Maskenkauf in einer Apotheke in Taipeh

Während man sich in Deutschland gerade an die zweite Welle gewöhnt, schafft Taiwan es nach wie vor, das Coronavirus fern- und kleinzuhalten. Wie lebt es sich derzeit fast ohne Corona in Taiwan? Und was berichtet die ARD in einer großen Dokumentation, für die wir den Ex-Vizepräsidenten getroffen haben? Zeit für ein Update.

Im März und April hatte es in Deutschland ja eine erste Welle von Berichten (Verzeihung für den Kalauer) über Taiwan und Corona gegeben, die ich hier im Blog festgehalten habe.

Danach hatte es sich dann ein wenig beruhigt. Das lag wohl an Gewöhnungseffekten, einer verbesserten Lage in Deutschland, und dann kamen auch noch Sommer und Urlaubszeit.

Auch in Taiwan entspannte man sich und hatte Lust auf Aktionen wie die Flugreise-Simulation am Songshan-Flughafen (ohne Abheben), über die wir fürs ARD Mittagsmagazin berichteten. Eher sinnfrei, brachte Taiwan aber international Aufmerksamkeit, und alle Beteiligten hatten Spaß.

Auch die Öffnung der Baseball-Stadien für Zuschauer (als erste Profiliga weltweit) war einen Bericht wert.

Corona in Taiwan: Meine persönliche Sicht der Dinge

Jetzt, wo in Deutschland die täglichen Neuinfektionen wieder über 1000 liegen, fällt um so mehr auf, dass es in Taiwan insgesamt erst weniger als 500 Fälle gab. So konnte ich für das Rheinneckarblog, vier Monate nach meinem ersten Erlebnisbericht, noch einmal ausführlich über Taiwan schreiben. Titel: Aufgepasst Deutschland: Wie Taiwan Corona keine Chance gibt.

Bitte lesen! Ich konnte da mal wieder persönlicher werden und stärker ins Detail gehen, als es mir in den meisten Medienberichten möglich ist.

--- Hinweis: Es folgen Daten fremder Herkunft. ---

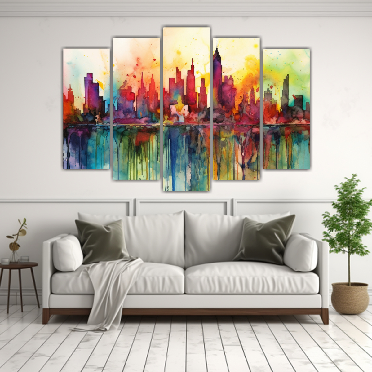 Este cuadro vanguardista innovador con efecto iridiscente y acuarela sería ideal para realzar la decoración de tu sala de estar Combínalo con muebles en tonos neutros como blanco, beige y gris para crear un ambiente moderno y sofisticado

Kurz nachdem ich das schrieb ist hier nun doch noch eine Debatte darum entbrannt, ob Taiwan nicht mehr testen sollte, statt sich rein auf 14 Tage Quarantäne zu verlassen. Die Lokalregierung von Changhua hatte asymptomatische Quarantäne-Insassen getestet, obwohl die geltenden Regeln das explizit nicht vorsehen, und war so auf mindestens einen Infektionsfall gestoßen. Nicht nur die Opposition forderte daraufhin, das Testen auszuweiten. Der Gesundheitsminister erklärte mit anschaulichen Zahlen, warum es aus Sicht der Regierung sicherer und sinnvoller ist, die Quarantäne durchzuziehen und nur Personen mit Symptomen zu testen.

Masken wieder frei verkäuflich

Maskenkauf in einer Apotheke in Taipeh

Ein kurzer Exkurs zu Masken in Taiwan: Sie gehören natürlich nach wie vor zum Alltag, und sie sind keine Mangelware mehr. Im Februar hatte die Regierung ja durch rationierte Abgabe und Hochfahren der heimischen Produktion dafür gesorgt hatte, dass die Versorgung mit Einwegmasken gesichert war. Darum ging es auch in meinem ersten Bericht fürs Rheinneckarblog.

Im Juni war die Lage dann so entspannt, dass Masken nun auch wieder auf dem freien Markt verkauft werden. Das mit der Krankenversicherungskarte verknüpfte Rationierungssystem läuft parallel weiter: Pro Person neun Masken alle 14 Tage, Stückpreis 15 Cent.

Taiwan und „Der Zug der Seuche“ in der ARD

„Was Deutschland von Taiwan lernen kann“ – diese Überschrift stand gerade auch über einem Beitrag auf tagesschau.de, der dort natürlich viel gelesen und geteilt wurde.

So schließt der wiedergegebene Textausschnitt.